Hablás de cómo la IA empieza a reemplazar a las parejas. ¿Cómo se desenvuelven los vínculos amorosos en este contexto de apps de citas, noviazgos con IAs y sexting?
En todo este contexto que hablábamos antes, de repente tenés una inteligencia artificial que podes armar a tu medida: siempre está disponible, siempre tenés el control de la conversación, siempre te dice que sos genio. Además no implica poner nada en riesgo, ya que podes hablar de manera ilimitada de tus temas, no va a tener una agenda propia, no se enferma, no tenés que cuidarlo, no tenés que hacer nada más que desplegar tu show, etc. Respecto a las apps, creo que fue cambiando en el tiempo: hubo un momento en que las apps realmente resolvían un problema que era salir del círculo de siempre, pero fueron mutando y ahora son otra cosa.

En diferentes países como el Reino Unido y Japón ya existen Ministerios de la Soledad, pero también hubo propuestas o áreas similares en otros países como Alemania, Canadá o Australia. ¿Qué pensás de esas experiencias?
Me parecen experiencias muy positivas, en el sentido que son países que ya tienen mapeado el problema y las formas de abordarlo. Permite entender que cómo convivimos entre nosotros es tan importante que merece un ministerio. Yo no creo que sea un problema que se resuelva solo desde la política pública. Me parece que son muchos los niveles que tienen que estar involucrados, incluida la reforma del sistema sanitario, lo comunitario y cuestiones más personales. Hay muchas cosas que no se abarcan solo con un ministerio de la soledad.

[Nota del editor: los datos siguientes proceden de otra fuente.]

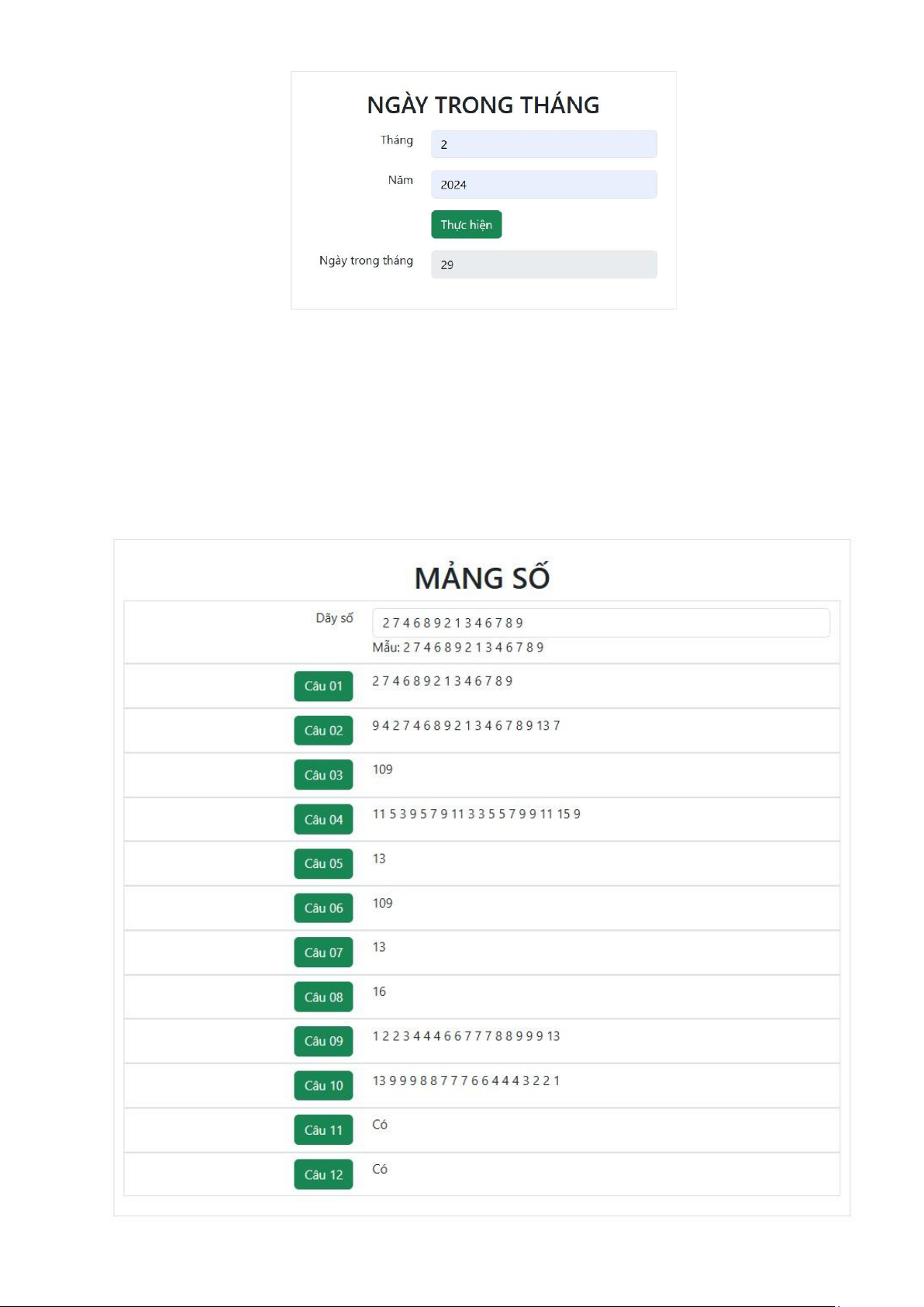 - Nhấn "Thực hiện" lấy ngày tháng năm hợp lệ, và cho biết ngày trong tháng, năm đó có bao nhiêu ngày.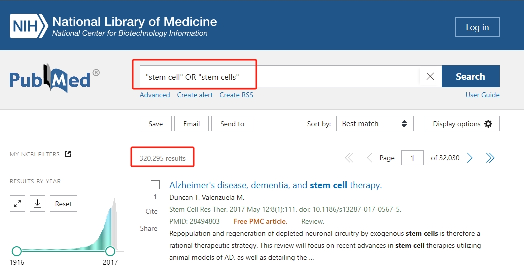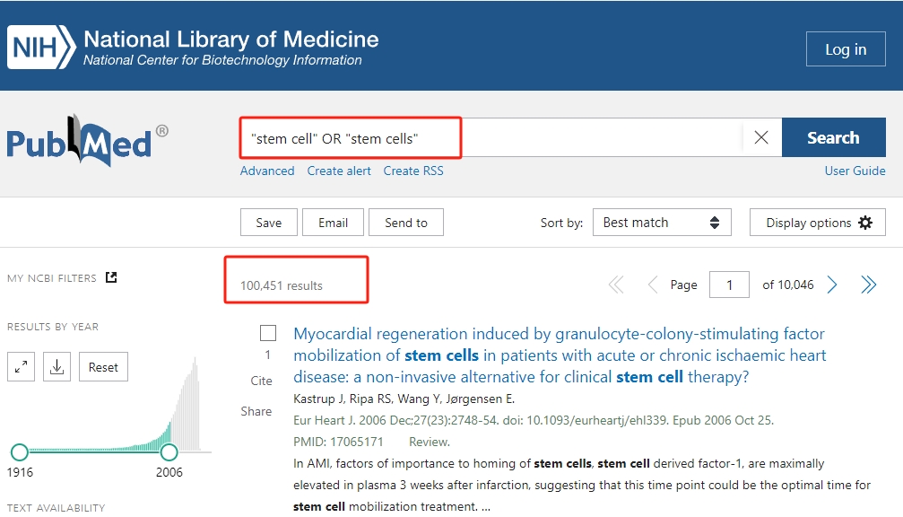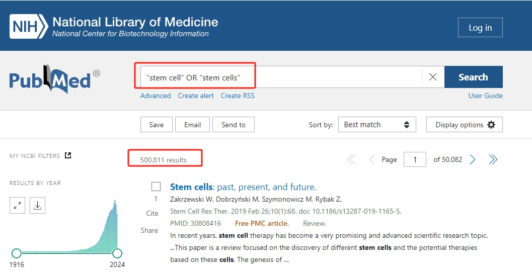 盡管起步卑微,干細胞界在本月實現(xiàn)了一個令人震驚的里程碑,有關干細胞的科學論文數(shù)量猛增至50萬篇以上。要親自驗證這一發(fā)現(xiàn),請在PubMed上使用搜索短語(”干細胞 “和 “干細胞”),如下所示。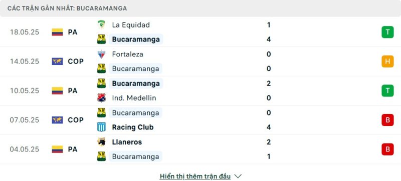 5 trận gần nhất của Atlético Bucaramanga: W-D-W-L-L
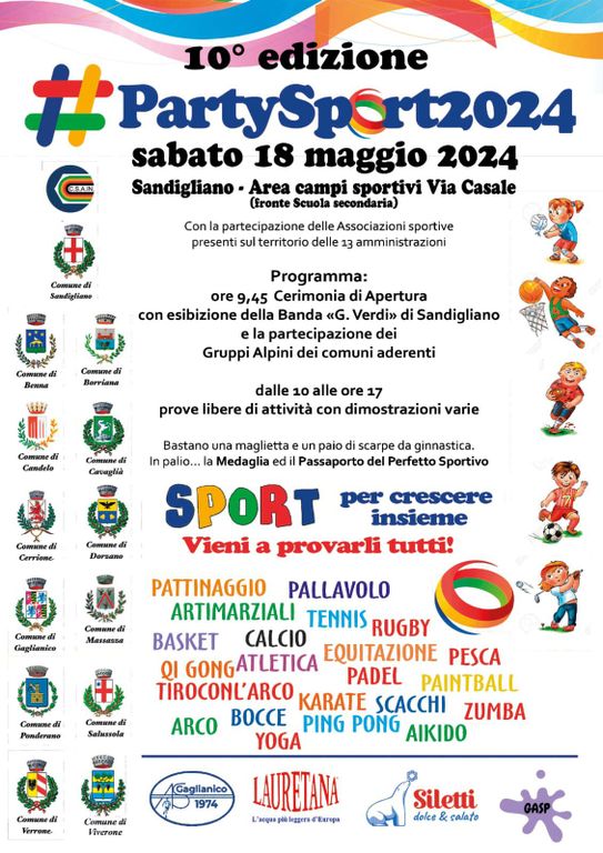 Tutto pronto a Sandigliano per una nuova edizione di “Party sport”. Dal 2012 tra maggio e l'inizio di giugno la manifestazione si svolge a turno dai Comuni che vi partecipano. E se l'anno passato aveva avuto con location Cavaglià e nel 2022 Gaglianico, quest'anno l'organizzazione spetta a Sandigliano sabato 18 maggio.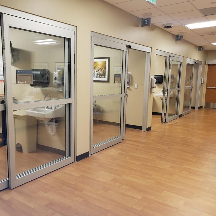 Record’s manual sliding ICU door packages are available in multiple configurations that allow the architect total freedom in the design of a patient facility.One may select from two, three or four panel options, both with or without floor tracks.Other possibilities include either three or six panel telescopic designs, again both with and without floor tracks. To satisfy all of the requirements of the healthcare facility, the doors may be specified to breakaway either into the patient room, or out into the hallway–whichever option best allows for quick and unimpeded transportation of patients either in wheelchairs or on gurneys.

Me interesa cómo abordás la salud mental de manera transversal en todo el libro, pero quería enfocarme en el capítulo 9 dónde relatás los lazos que se forman en el aislamiento de una internación psiquiátrica. ¿Por qué elegiste ese tema? ¿Crees que dentro de este tipo de aislamiento también pueden haber vínculos y estrategias para paliar la soledad?

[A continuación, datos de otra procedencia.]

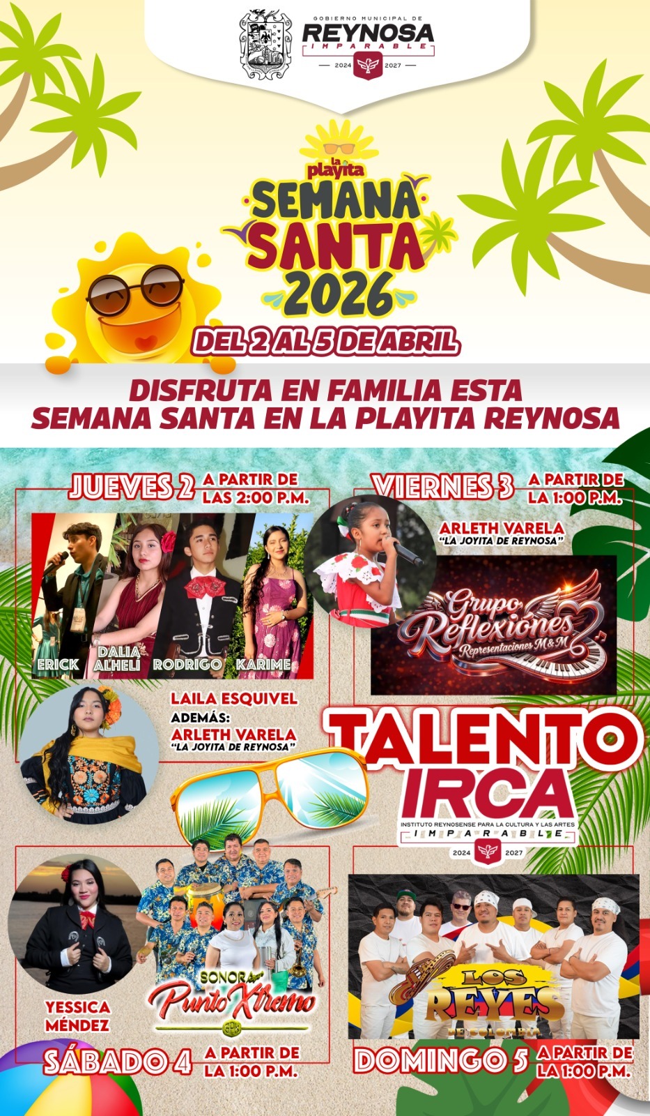 El Gobierno de Reynosa, que preside el Alcalde Carlos Peña Ortiz, invita a disfrutar de la oferta musical que el Instituto Reynosense para la Cultura y las Artes presentará en «La Playita» del 2 al 5 de abril en el marco de la Semana Santa.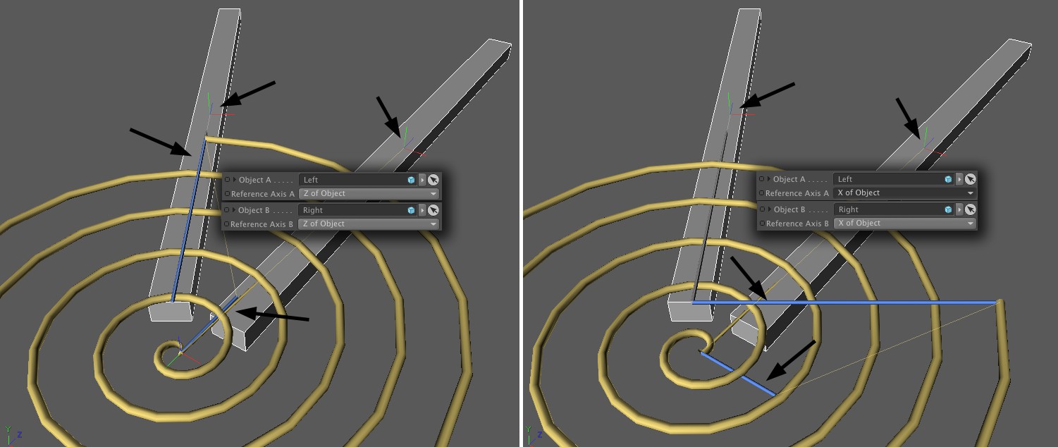 Notez que les deux "extrémités du ressort" bleues sont alignées sur l'axe défini (des objets liés). L'axe objet-Y n'aurait guère de sens dans ce cas.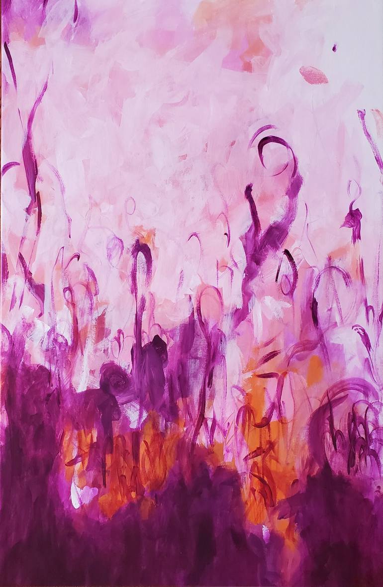 Imagine music and a light breeze in the air. 'There's A Song In My Heart' is filled with anticipation and hope. Painted while enjoying the cry of a soft violin, this work is spontaneous and romantic. This work is Ready to Hang, signed on the back, and will be accompanied by a certificate of authent...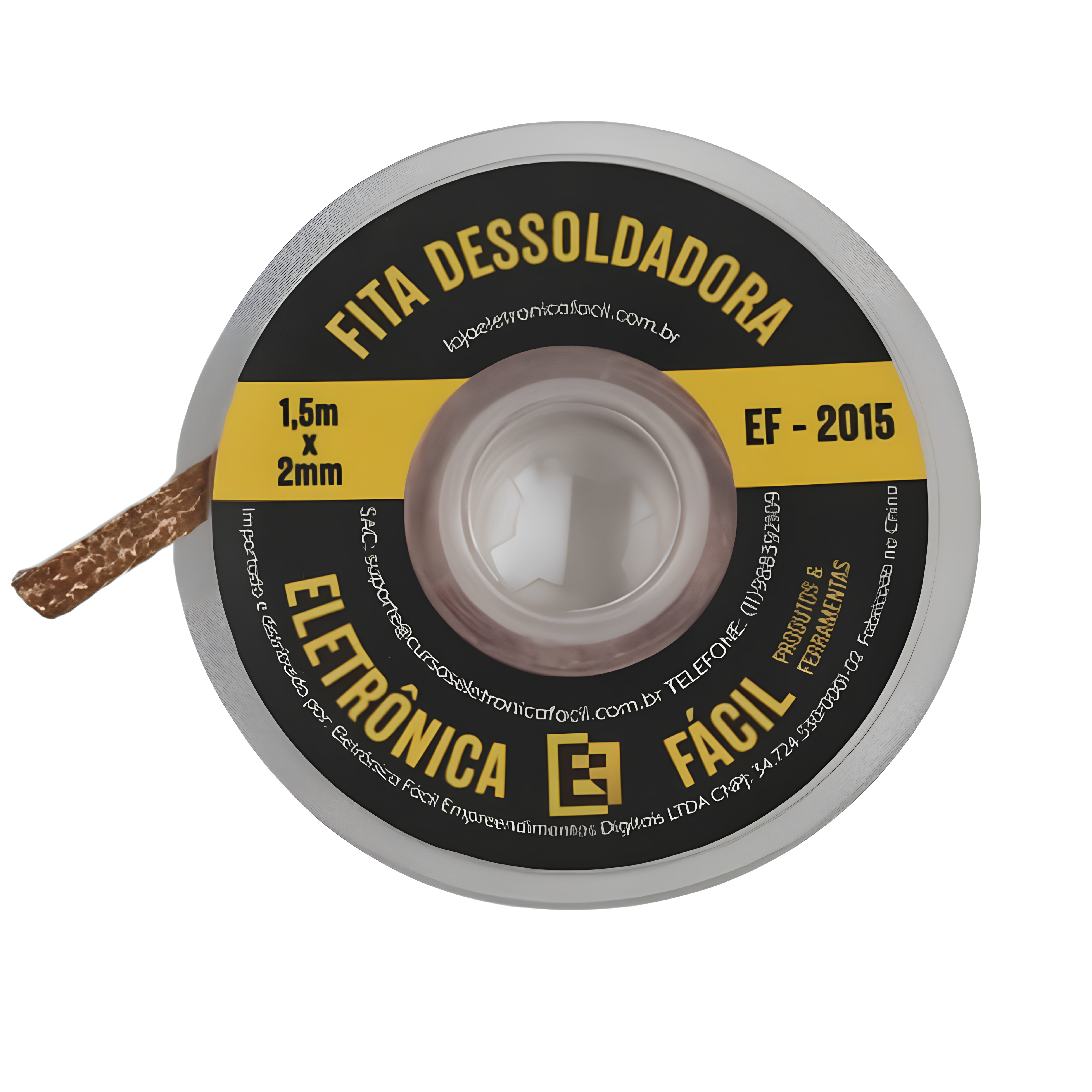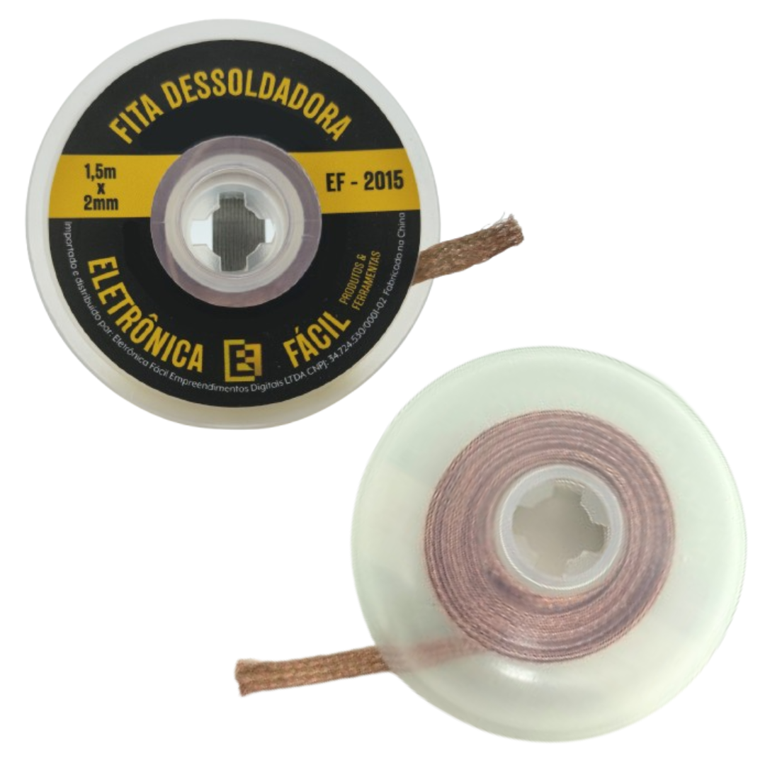 Fita Dessoldadora 1,5mx2,0mm Esta fita dessoldadora foi especialmente desenvolvida para remover solda em furos, componentes e trilhas em Placas de Circuito Impresso. A fita dessoldadora é um item crucial para...

Elegí ese tema porque trabajo en salud mental. Creo que las internaciones son como la cárcel en el sentido de que el castigo es el confinamiento solitario, es la forma de lidiar con ese emergente sintomático. Otra cosa que me pareció muy interesante es que en general el estereotipo de loco es el que está hablando con otros. También venía pensando esto de la psicosis y esas voces que se escuchan.

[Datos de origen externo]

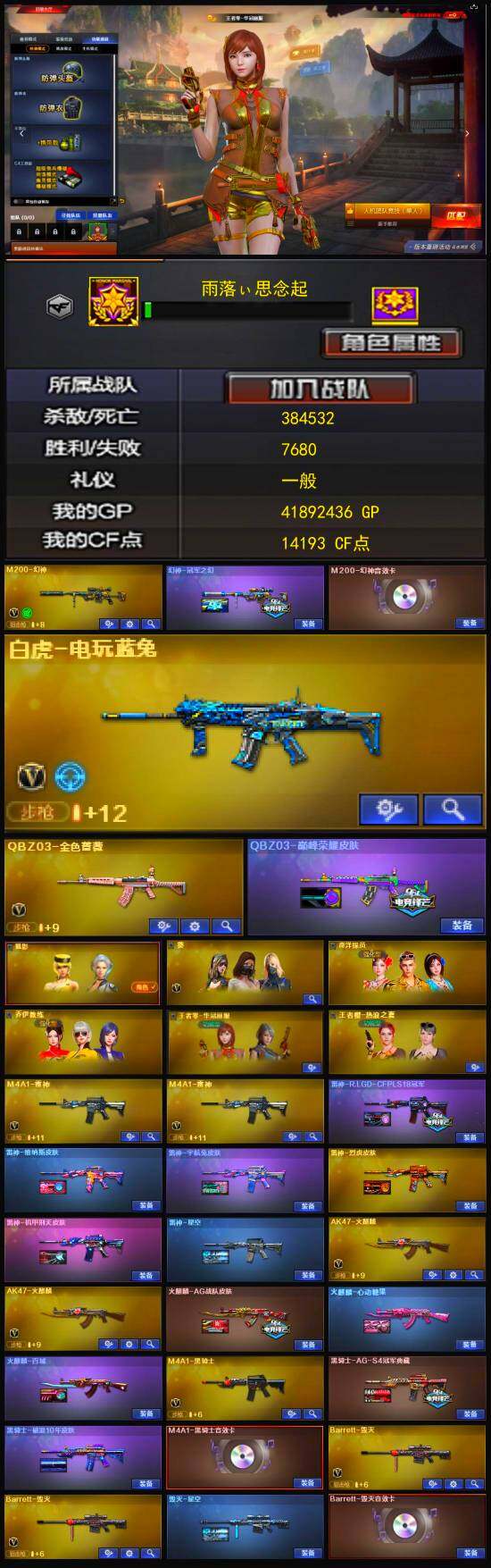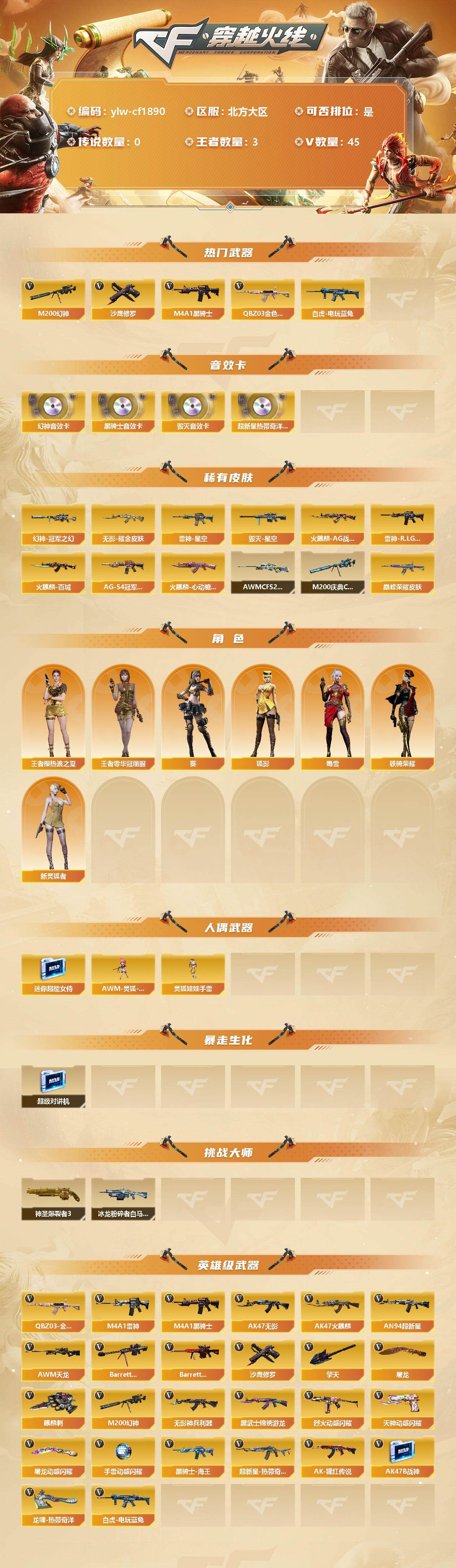 【商品标题】:北方大区-45v-3王者-0炫金 【热门武器】:q03-金色蔷薇,m200-幻神,白虎-电玩蓝兔,m4a1-黑骑士,沙鹰-修罗4 【音效卡】:an94-超新星-热带奇洋音效卡,m200-幻神音效卡,m4a1-黑骑士音效卡,barrett-毁灭音效卡 【稀有皮肤】:幻神-冠军之幻,q03-巅峰荣耀皮肤,雷神-星空,雷神-r.lgd-cfpls18冠军,火麒麟-ag战队皮肤

Este relato tiene algo que ver con que a través del dolor se puede construir comunidad: por ejemplo, personas con consumos problemáticos que de repente encuentran en un grupo un nivel de vínculo que no habían tenido nunca. Eso funciona entre las personas internadas pero también entre los médicos, médicas y profesionales de la salud mental que participan, que se ven en situaciones tan extremas que forjan vínculos muy zarpados. Esos vínculos son muy profundos porque lo que atravesaron otros no lo van a entender. Haberlos necesitado hacen que no se den por sentado.